The world therefore being oppressed, since the resources of men shall be insufficient for the overthrow of a tyranny of immense strength, inasmuch as it will press upon the captive world with great armies of robbers, that calamity so great will stand in need of divine assistance. Therefore God, being aroused both by the doubtful danger and by the wretched lamentation of the righteous, will immediately send a deliverer. Then the middle of the heaven shall be laid open in the dead and darkness of the night, that the light of the descending God may be manifest in all the world as lightning: of which the Sibyl spoke in these words:—
“When He shall come, there will be fire and darkness in the midst of the black night.”
This is the night which is celebrated by us in watchfulness on account of the coming of our King and God:[1] of which night there is a twofold meaning; because in it He then received life when He suffered, and hereafter He is about to receive the kingdom of the world. For He is the Deliverer, and Judge, and Avenger, and King, and God, whom we call Christ, who before He descends will give this sign: There shall suddenly fall from heaven a sword, that the righteous may know that the leader of the sacred warfare is about to descend; and He shall descend with a company of angels to the middle of the earth, and there shall go before Him an unquenchable fire, and the power of the angels shall deliver into the hands of the just that multitude which has surrounded the mountain, and they shall be slain from the third hour until the evening, and blood shall flow like a torrent; and all his forces being destroyed, the wicked one shall alone escape, and his power shall perish from him.
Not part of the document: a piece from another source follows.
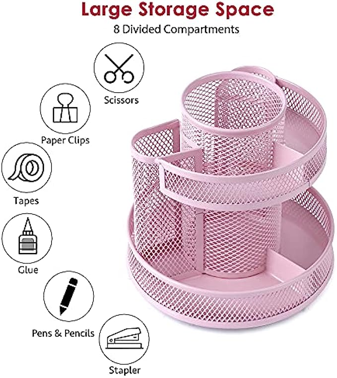 【360 DEGREE REVOLVING DESIGN】 This desktop organizer can be turned up to 360 degree rotation to the left and right .You can easily reach out to something useful and practical you need during working or studying.The product can be bilaterally and smoothly rotated, just turn as you please.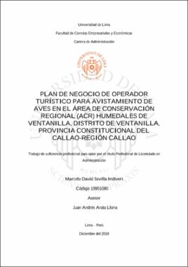 Regarding to the Operations Plan, a description is made of what will be the service provided by the company posed, as well as the main characteristics of the place where the service would be performed, such as its location with UTM coordinates, climate, hydrology, etc. El presente plan de negocio pretende mostrar la viabilidad económica de implementar un operador turístico para la observación de aves en el Área de Conservación Regional (ACR) Humedales de Ventanilla, para lo cual se realizó un estudio de mercado bibliográfico basado en información proporcionada por una institución adscrita al Ministerio de Comercio Exterior y Turismo.

Now this is he who is called Antichrist; but he shall falsely call himself Christ, and shall fight against the truth, and being overcome shall flee; and shall often renew the war, and often be conquered, until in the fourth battle, all the wicked being slain, subdued, and captured, he shall at length pay the penalty of his crimes. But other princes also and tyrants who have harassed the world, together with him, shall be led in chains to the king; and he shall rebuke them, and reprove them, and upbraid them with their crimes, and condemn them, and consign them to deserved tortures. Thus, wickedness being extinguished and impiety suppressed, the world will be at rest, which having been subject to error and wickedness for so many ages, endured dreadful slavery. No longer shall gods made by the hands be worshipped; but the images being thrust out from their temples and couches, shall be given to the fire, and shall be burnt, together with their wonderful gifts: which also the Sibyl, in accordance with the prophets, announced as about to take place:—
“But mortals shall break in pieces the images and all the wealth.”
The Erythræan Sibyl also made the same promise:—
“And the works made by the hand of the gods shall be burnt up.”
Footnotes
[edit]- ↑ [Not the eve of Easter, but that of the Nativity. This corroborates St. Chrysostom’s testimony concerning the observance of that feast in the West. See Opp., Serm. 287, tom. v. 804.]